Размер датасета: (449982, 4)
+-------+-------+-------------------+------+
|user_id|item_id|           datetime|weight|
+-------+-------+-------------------+------+
|  -1002|5181461|2024-06-14 15:17:25|     1|
|  -1002|5206702|2024-06-14 15:19:15|     1|
|  -1002|5119257|2024-06-14 15:21:21|     1|
|  -1002|5107211|2024-06-28 19:06:10|     1|
|  -1002|5008694|2024-07-01 18:43:40|     1|
+-------+-------+-------------------+------+
only showing top 5 rows



In [9]:
# Сохраним датасет формата SASRec
sasrec_data_folder_path = HEAD_DIRECTORY+'data/sasrec_format/'
output_name = 'actions'
process_data.save_dataset_parquet(data_actions_processed, sasrec_data_folder_path, output_name)
# data_actions_processed = spark.read.parquet(sasrec_data_folder_path+output_name)

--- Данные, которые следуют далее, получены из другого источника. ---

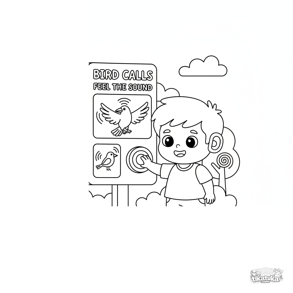 Ausmalbild für Kinder 4-6: Ein Kind mit Hörgerät lernt Vogelrufe von einem taktilen Schild mit Schallwellenmustern im Zoo.
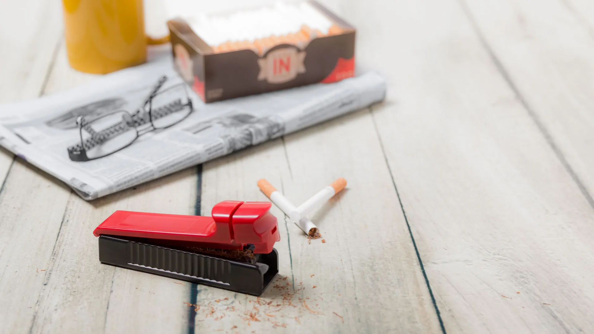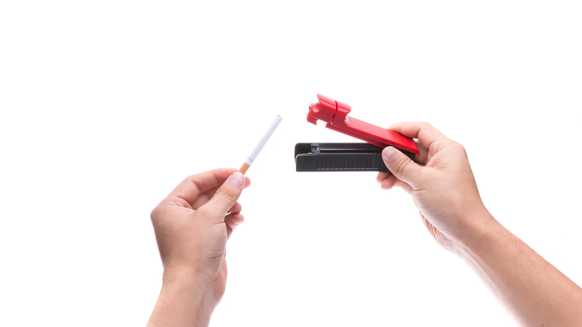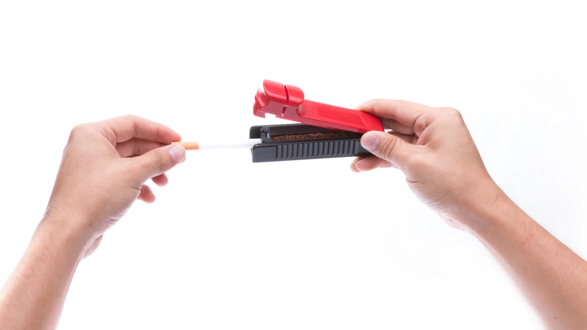 Inyectora para tabaco en diseño bicolor y variada gama de colores. Con pulsador de entubado y presentada en caja individual de diseño.
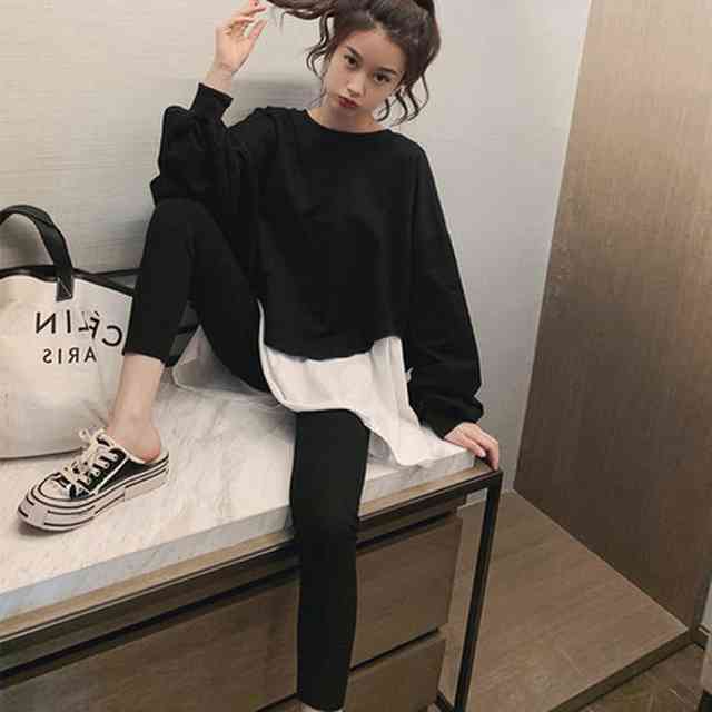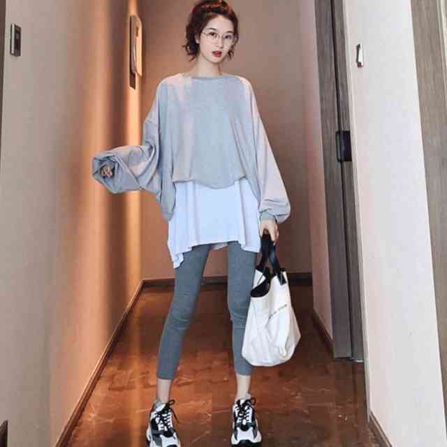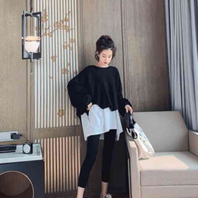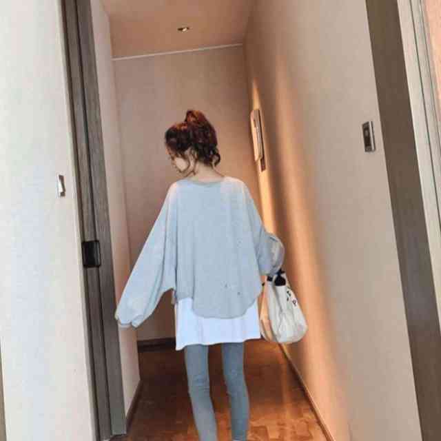 トレーナー トップス レディース スエット長袖 ロンT カットソー トップス シンプル 大きいサイズ 春 秋 冬 ラウンドネック スリット入り 袖あり 他と被らない 新作 レイヤード 重ね着風 SNS映え 着痩効果 エレガント フェミニン カジュアル ゆったり ゆるい おしゃれ きれい
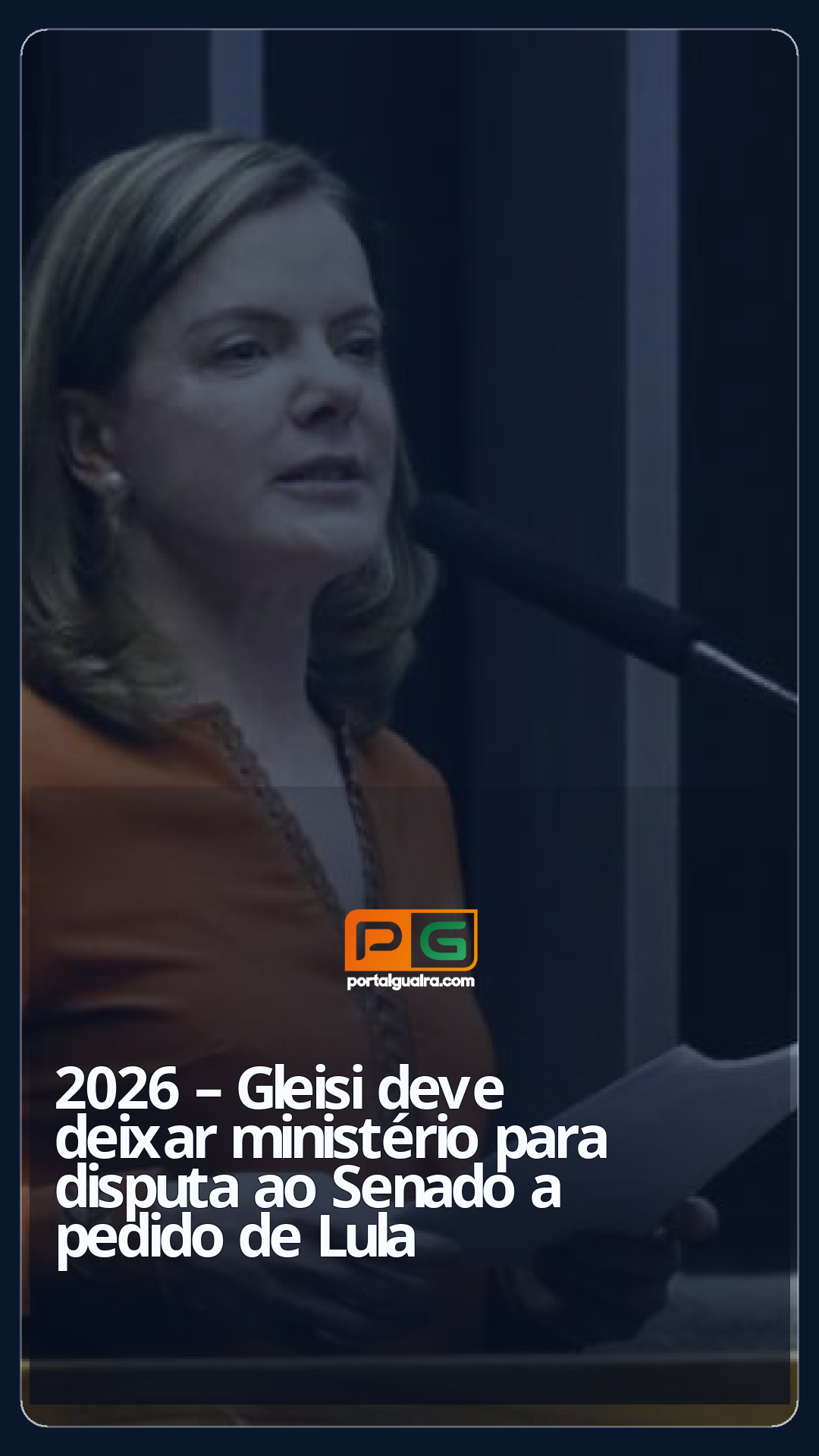 A ministra-chefe da Secretaria de Relações Institucionais (SRI), Gleisi Hofmann, tentará ser, novamente, senadora. Hoje licenciada da Câmara dos Deputados, a ministra já avisou à sua equipe ministerial da intenção de concorrer, pela terceira vez, ao assento no Senado, pelo Paraná, após ter conversado com o presidente Luiz Inácio Lula da Silva (PT).

Папка /content/drive/MyDrive/Colab Notebooks/diploma/data/sasrec_format/ уже существует.
Датасет сохранён по пути /content/drive/MyDrive/Colab Notebooks/diploma/data/sasrec_format/actions.

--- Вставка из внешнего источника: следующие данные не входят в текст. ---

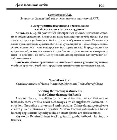 我校2022届学科教学(语文)专业俄罗斯籍硕士毕业生白雪(SMOLNIKOVA KSENIIA)的论文《俄罗斯汉语教材的选择》(英文名Selectingthe Teaching Instruments of the Chinese Language in Russia)在文法学院导师崔军红指导下,以河南科技学院为唯一通讯单位、以白雪为唯一作者,发表于《历史的力量》2022年第8卷第2期语言学卷101-108页,这是我校国际学生在国外期刊独立发表的第一篇学术论文。
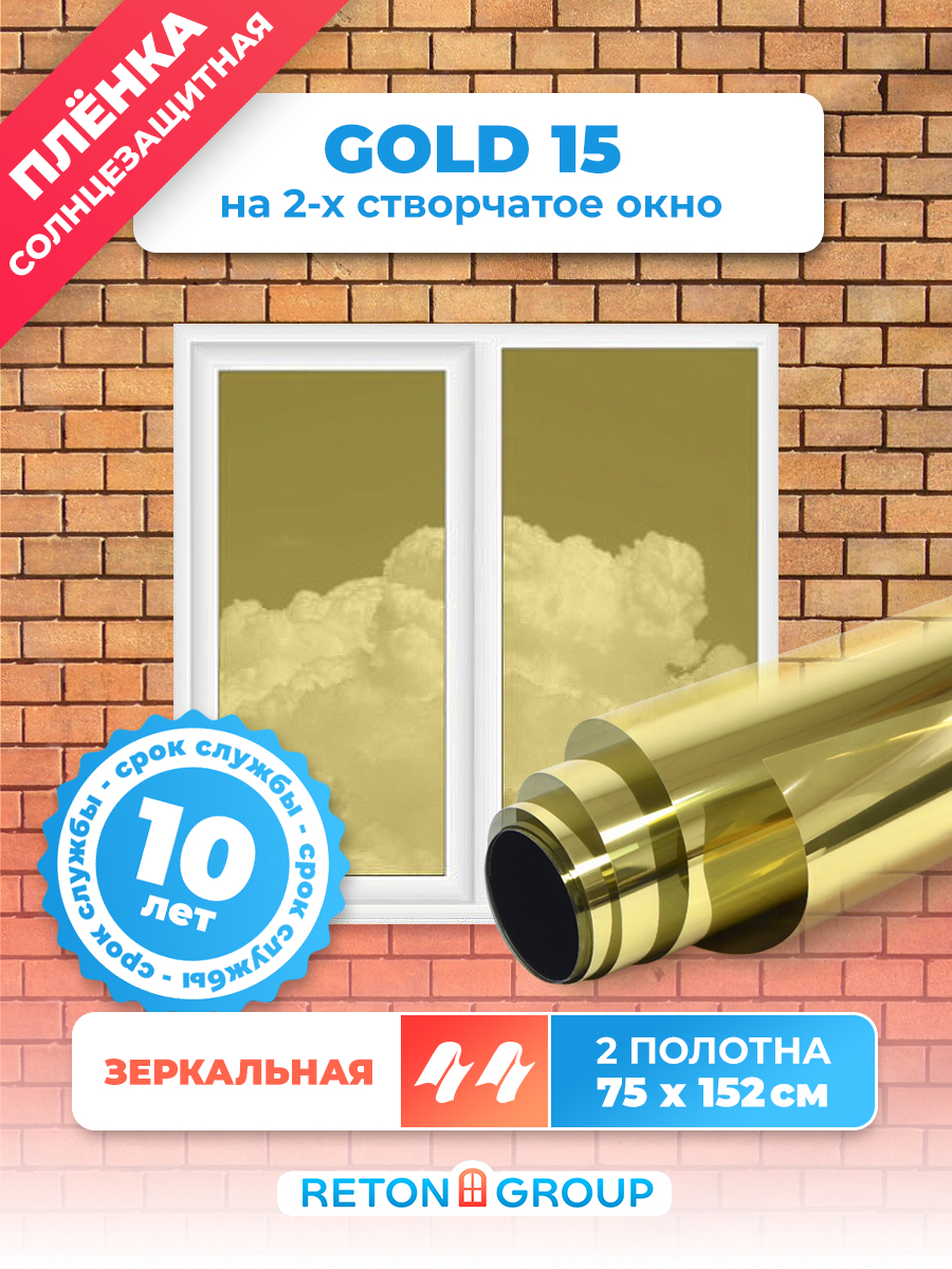Зеркальная пленка на окна Gold 15 Reton Group. Самоклеющаяся пленка для окон от солнца: 152х75 x 3 шт, цвет:золотой.
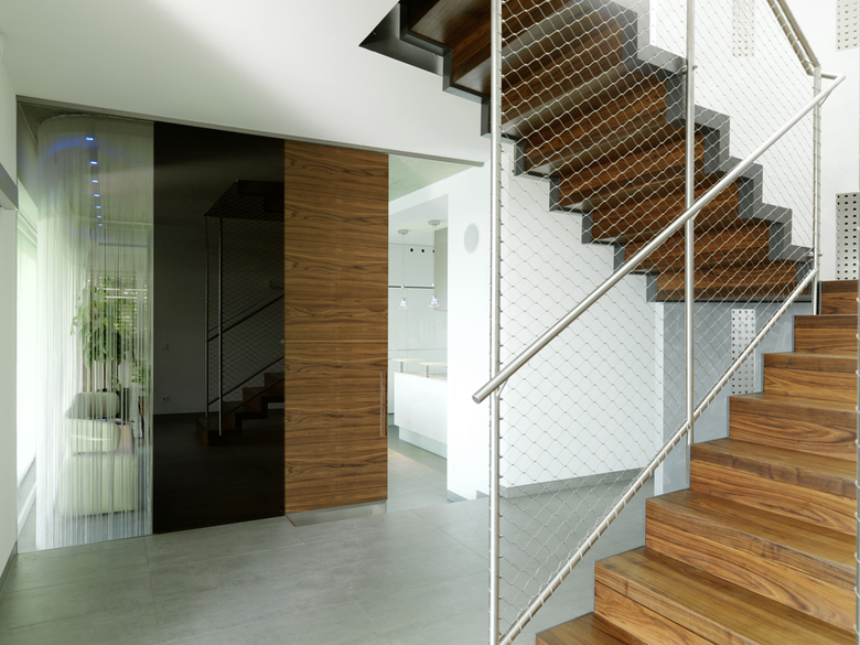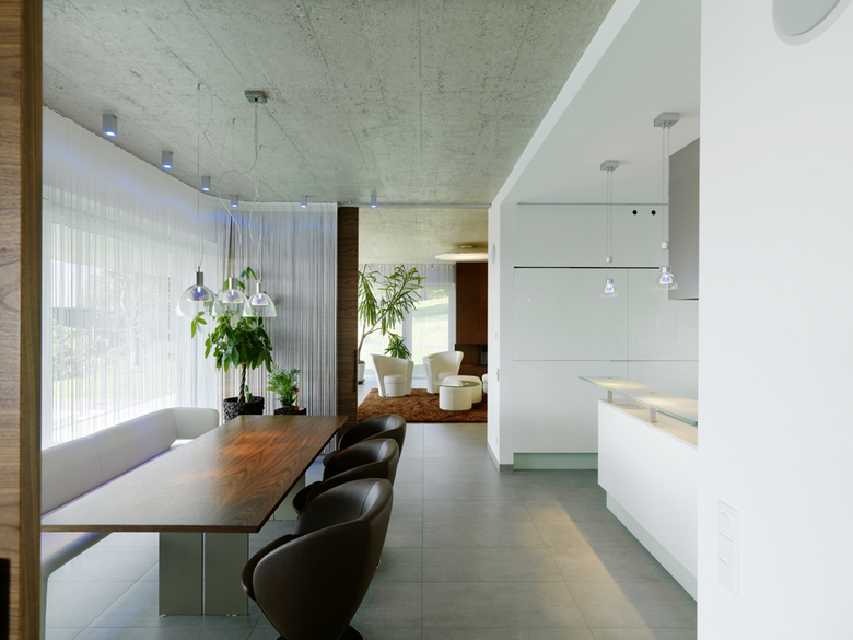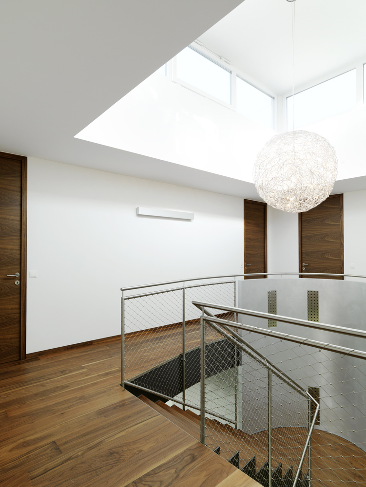 Die Innenausstattung und Möblierung wurde gemeinsam mit dem Bauherren entwickelt und bilden mit dem Gebäude ein formales Gesamtkonzept. Hochwertige Oberflächen wie Landhausdielen und raumhohe Türelemente aus Nussholz oder großformatige keramische Platten stehen im Kontrast zur geschliffenen Stahlbetondecke.

# Приведем датасет с признаками товаров к формату SASRec

In [10]:
# Read dataset with items
data_items = spark.read.parquet(HEAD_DIRECTORY+'data/data_set_items')
# data_items.show()
# Print metadata and facets columns
# process_data.print_metadata(data_items)

In [11]:
# Профильтруем датасет, развернув колонку метаданных и оставив только нужные метаданные и facets
metadata = ['url', 'image_url', 'itemname', 'group_ids']
facets = ['How to get it', 'Primary Brand', 'Pet Type', 'Primary Pet Type']
data_items_cleaned = process_data.clean_data_items(data_items, metadata = metadata, facets = facets)

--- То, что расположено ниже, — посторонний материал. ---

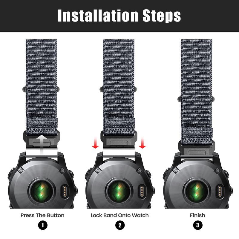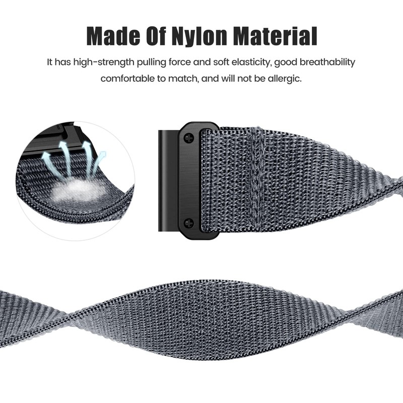 - 【Soft Nylon Material】Fenix 6 watch band is made of high-quality nylon material, with high tensile strength and soft elasticity. When you put it on, the skin-friendly nylon material will closely fit the curve of your wrist. Softened nylon is flexible around the wrist and gentle against skin, with a breathable texture so it’s comfortable to wear all year round.The replacement band is suitable for indoor and outdoor occasions since its breathable and quick-drying material,and not allergic.
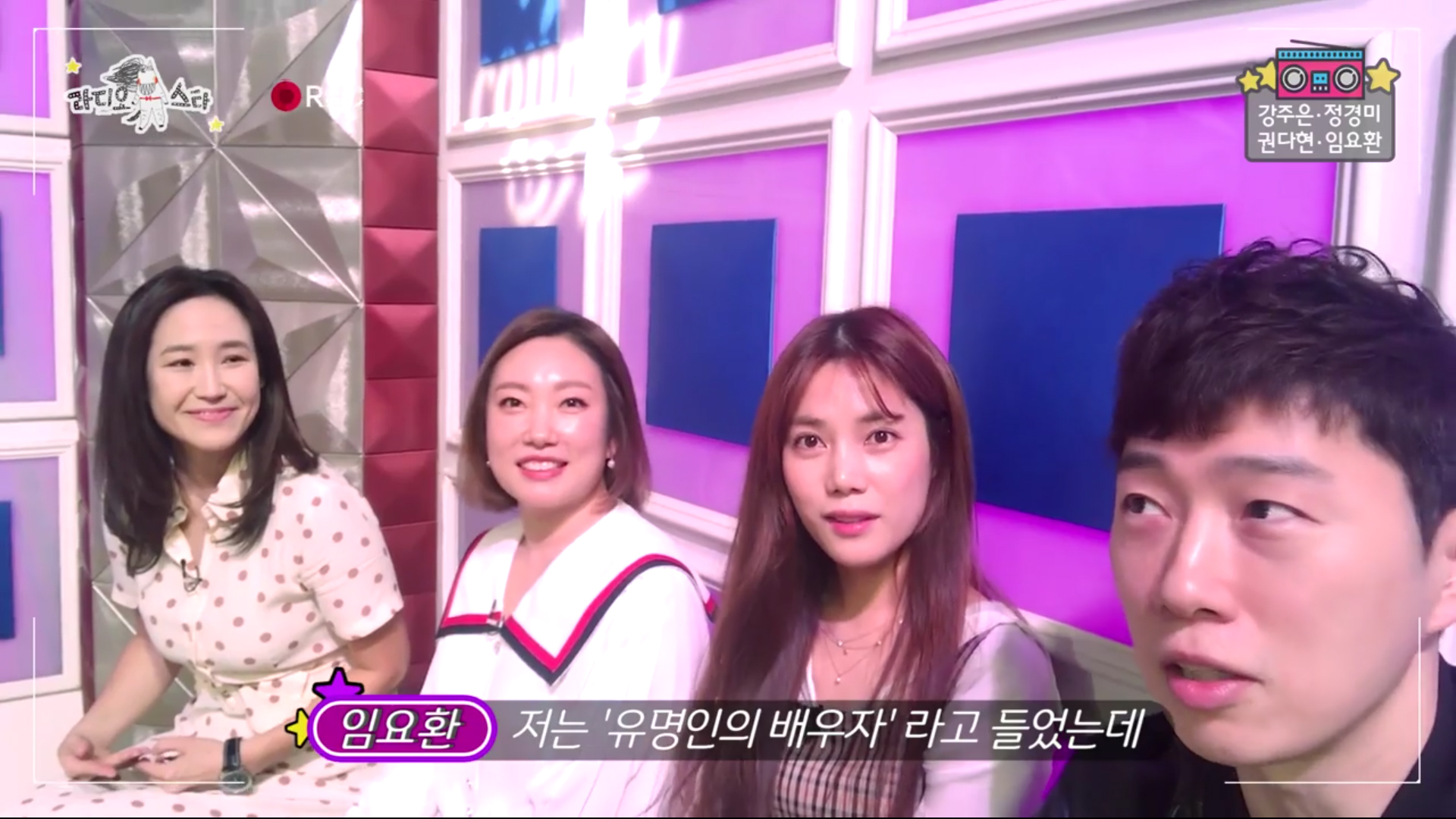 17일(수) '라디오스타'는 '우리 집에 연예인이 산다' 특집으로 꾸며진다. 이 특집에는 연예인의 배우자들 강주은, 정경미, 권다현, 임요환이 출연한다.
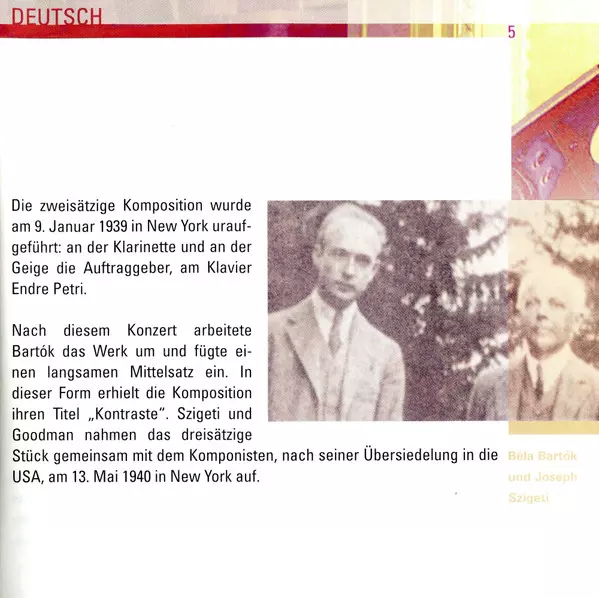 Béla Bartók: Kontraste / Mikrokosmos (Auszüge) versión en CD en remasterizado edición. Esta edición en concreto se lanzó en Europa en la editorial Documents el día 2. octubre 2006. Álbum abarca todos los géneros Música clásica y Modernism.

# Приведем датасет к формату SASRec
features = ['group_ids_intersect', 'How_to_get_it', 'Primary_Brand', 'Primary_Pet_Type']
features_final_names = ['Category', 'Delivery', 'Brand', 'Pet']
data_items_processed = process_data.items_to_sasrec_format(data_items_cleaned, features, features_final_names)
print(f"Размер датасета: ({data_items_processed.count()}, {len(data_items_processed.columns)})")
data_items_processed.show(5)

Размер датасета: (223730, 3)
+----+--------------------+--------+
|  id|               value| feature|
+----+--------------------+--------+
|1697|                 API|   Brand|
|1697|     betta-fish-shop|Category|
|1697|fish-tank-salt-mixes|Category|
|1697|     pond-water-care|Category|
|1697|repeat-delivery-a...|Category|
+----+--------------------+--------+
only showing top 5 rows



In [12]:
# Сохраним датасет формата SASRec
sasrec_data_folder_path = HEAD_DIRECTORY+'data/sasrec_format/'
output_name = 'items'
process_data.save_dataset_parquet(data_items_processed, sasrec_data_folder_path, output_name)
# data_items_processed = spark.read.parquet(sasrec_data_folder_path+output_name)

Папка /content/drive/MyDrive/Colab Notebooks/diploma/data/sasrec_format/ уже существует.
Датасет сохранён по пути /content/drive/MyDrive/Colab Notebooks/diploma/data/sasrec_format/items.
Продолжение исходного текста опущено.